20170615

Mud

Last night I watched a film called Mud. Like most fiction the plot is full of holes and the end is I suppose intentionally ambiguous. But one thing the film does well is in defining those two much bandied and ill-used words "good" and "love". Towards the end Mud tells protagonist Ellis that he is good and without doubt this is true; immature and mixed up though he is. Ellis returns the compliment but Mud and the viewer are not so sure. The briefly but oft spoken leitmotif "I love you" that starts as a platitude, grows to a hope, but becomes reality when Ellis wakes, after being treated for a snake bite, in the company of his dysfunctional parents.


It seems to me that "good" is by very nature one sided - it does not demand and often fails to be acknowledged.

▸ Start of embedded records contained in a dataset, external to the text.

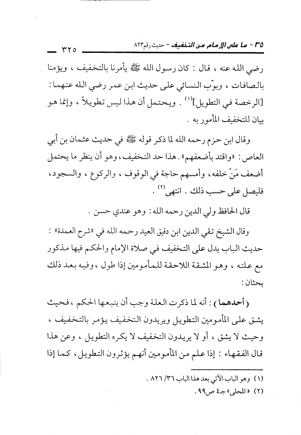 وقال ابن حزم رحمه الله لما ذكر قوله -صلى الله عليه وسلم- في حديث عثمان بن أبي العاص: "واقتد بأضعفهم". هذا حد التخفيف، وهو أن ينظر ما يحتمل أضعف مَنْ خلفه، وأمسهم حاجة في الوقوف، والركوع، والسجود، فليصل على حسب ذلك. انتهى (¬2).
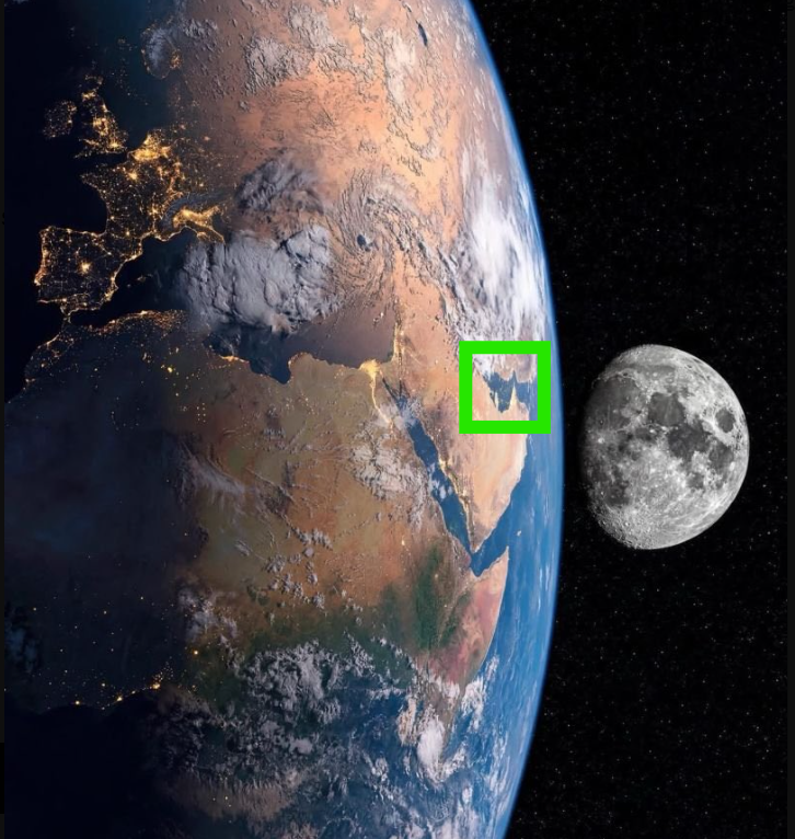 North Africa, Europe, Eurasia and Persian Gulf (green box), plus Moon. Courtesy NASA.
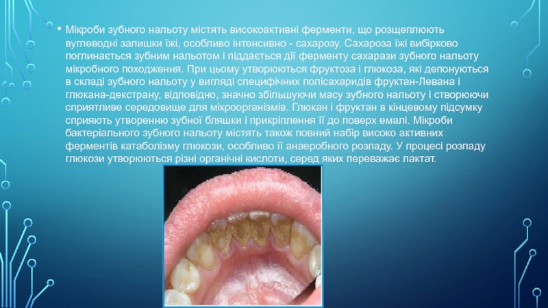 Слайд 3Мікроби зубного нальоту містять високоактивні ферменти, що розщеплюють вуглеводні залишки
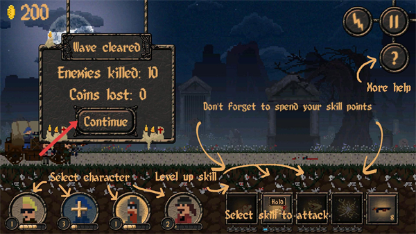 4、通關后會顯示結算界面,可查看消滅敵人數量、損失金幣等信息,點擊【Continue】繼續游戲。

But "love", despite what we are taught, is not really love until it is returned.  It is like conception: unless the sperm and the egg come together and unite, no fruit can follow.  One can be good (and One is) but it takes two to love.

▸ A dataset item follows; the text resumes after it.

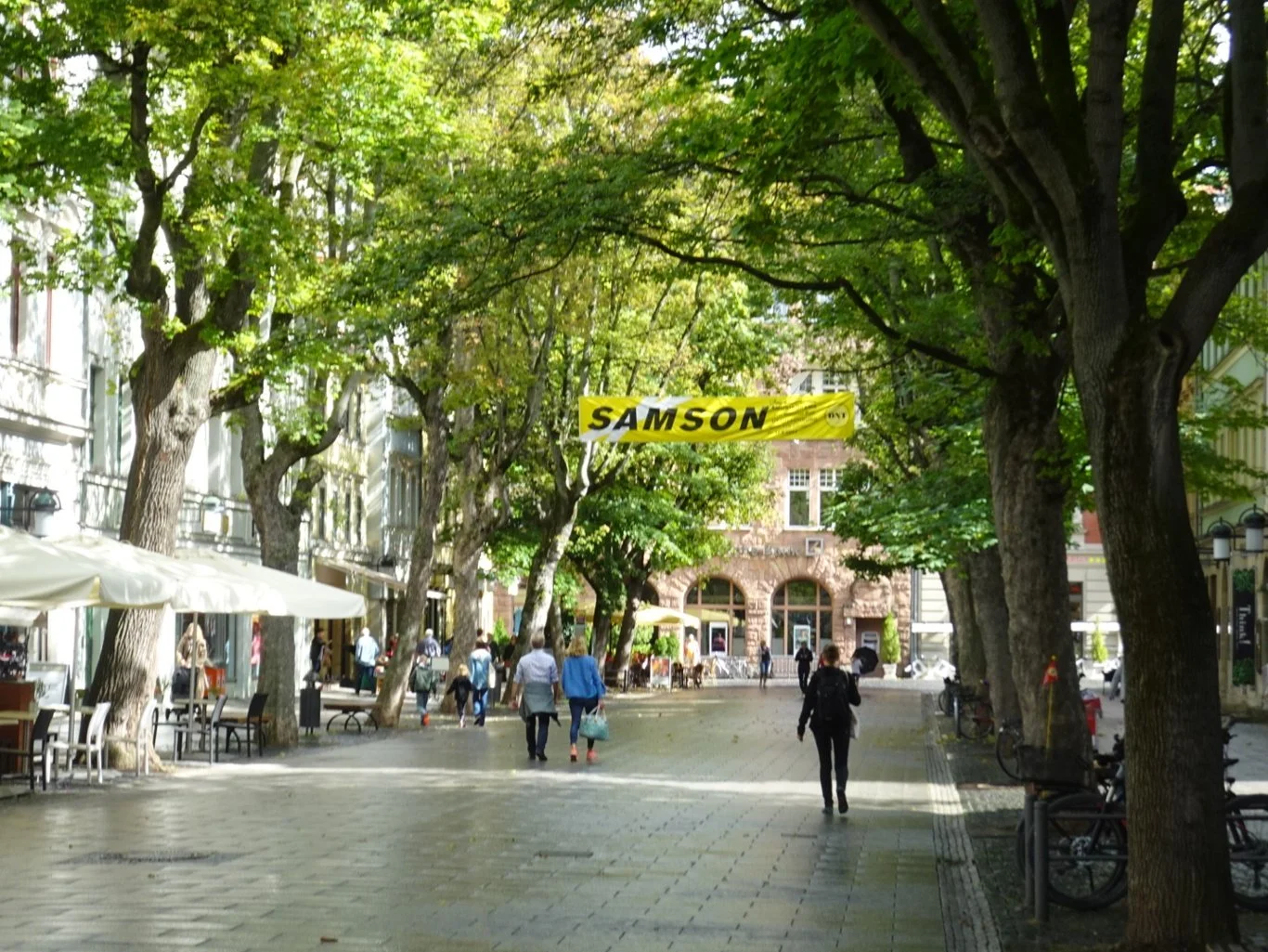 We dipped in and out of shops, into the DM drugstore for one or two favourite bits and pieces and both a lovely old bookshop and a better stocked and more comfortable new one. We also admired the banner hanging in the trees!

And I am not alone in ranking this film highly, i.e. one that I could gladly watch again.

This morning I read of one Bhupinder Singh, a volunteer handling donations, said [of survivors of the disastrous fire at Grenfell Tower]: "It is times like this that the best of our community comes out. This is where you find out how good it is to live in England and how good it is to be a Londoner." Doubtless London is not unique in this way and, living in Ireland, I no longer think the British are the bee's knees, and being British (or at least English) I may be biased, but there is something in me that concurs with Bhupinder's sentiment, ethnic minority though he or she may be from the name!